Friday, March 17, 2006

Cross my heart and hope to die, stick a needle in my eye

The Howard government did not, repeat, did not bribe Saddam Hussein with hundreds of millions of dollars in contravention of the UN Oil-for-Food sanctions. Nor, it appears, did it consciously, repeat, consciously facilitate illicit payments to Saddam by the Australian Wheat Board.

But it does look like it lied about the documents it said it had provided, and it may have well stuck needles in its eyes. John Cleese could not have done a better job of ignoring an elephant alone in a lift with him than the woeful (didn't say wilful) job the government did it supervising the sanctity of exports to Iraq. It really begins to sound something truly out of a Monty Python sketch. (Does not. Does too.)


Smoking gun drama for PM
By Marian Wilkinson and David Marr
SMH March 17, 2006

AUSTRALIA'S intelligence services told the Federal Government five years ago that Saddam Hussein's regime was charging kickbacks on all humanitarian contracts at the time AWB was the largest supplier of humanitarian goods to Iraq.

Explosive documents released yesterday by the Cole oil-for-food inquiry also show the Government was told as early as 1998 that a Jordanian company part-owned by Iraq was being used as a conduit for payments to Iraq in breach of UN sanctions. The company, Alia, was used by the monopoly wheat exporter AWB to funnel almost $300 million in bribes to Iraq.

Fifteen intelligence reports on the corruption in the UN's oil-for-food program were earlier suppressed by the Cole inquiry at the request of the Government on national security grounds. The released summaries of these reports will put the Prime Minister, John Howard, the Foreign Affairs Minister, Alexander Downer, and the former defence minister Robert Hill under renewed pressure over the scandal.
[Ironically, the reports were produced at the insistence of the AWB legal team, who voiced bitter recriminations that it was being denied pertinent information under veils of secrecy. This is the same team that shrouded so much of the AWB story behind a veil of legal privilege. Priceless.]

The damning material was supplied by foreign intelligence services between 1998 and 2004 and then distributed throughout the bureaucracy. According to a sworn statement to the Cole inquiry, it was passed to "departments, other agencies and certain ministerial offices in accordance with normal agency practice and as shown on each document distribution list".
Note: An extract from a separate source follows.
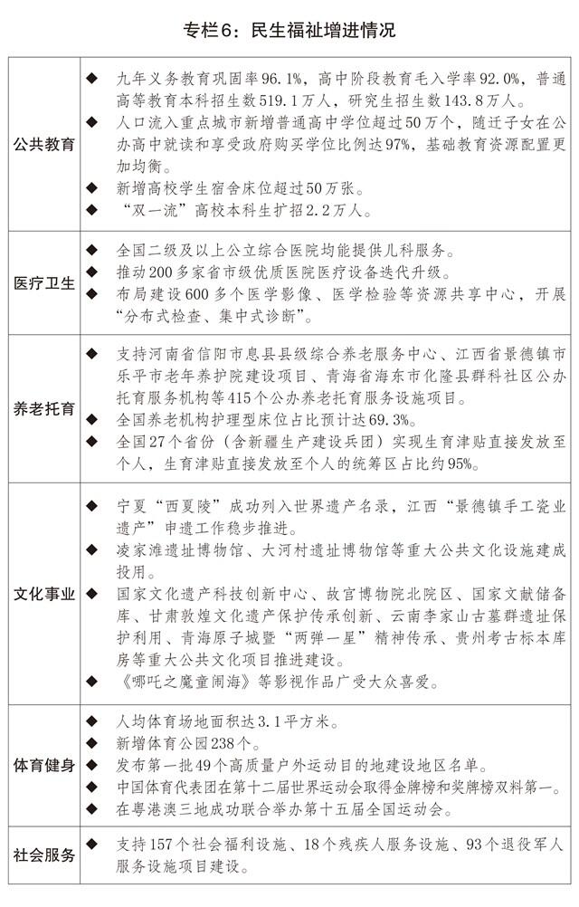 (八)为人民群众多办实事,更大力度保障和改善民生。坚持尽力而为、量力而行,加强普惠性、基础性、兜底性民生建设,持续增进人民福祉。

Despite these reports, the Government did not order its own agencies to collect intelligence on AWB and other Australian companies dealing with Iraq under the oil-for-food program. Nor did the reports provoke the Foreign Affairs and Trade Department to take steps to ensure there was no breach of UN sanctions.

Last night the Opposition foreign affairs spokesman, Kevin Rudd, said the new evidence showed Mr Howard was a "liar".

Mr Howard had said on February 12 that all documents had been provided to the enquiry, Mr Rudd said. But subpoenas were issued five days later to extract this information from the intelligence community. "We now have some idea why the Prime Minister was so reluctant to provide it."

Mr Downer has repeated his claim that the intelligence had not raised any concerns about AWB. "There wasn't any Australian intelligence reporting and there wasn't any intelligence reporting from our foreign partners … that specifically mentioned AWB."

However, the reports set out in precise detail the system of kickbacks now known to have been used by AWB. Alia was identified as early as 1998 as "part owned by the Iraqi government and … involved in circumventing UN sanctions on behalf of the Iraqi government".

One summary says: "By March 2001 the AIC [Australian intelligence community] held intelligence of endeavours by Iraq to breach sanctions by, amongst other methods, collecting commission on contracts for humanitarian goods imported into Iraq under the [oil-for-food program]." Several reports say this system was "rigidly enforced" by Iraq.

However, one intelligence report of November 2003 said: "Not all large companies had agreed to pay the Iraqi-imposed surcharges, and cited as an example wheat imports from Australia."

But by this time the United States Defence Audit Agency had named AWB as inflating their contracts with the 10 per cent kickback.

Foreign Affairs witnesses have told the Cole inquiry that they had not seen any of the 15 intelligence reports and were familiar with little of their substance.

A spokesman for Mr Downer's office last night said the new evidence does not link Alia to AWB.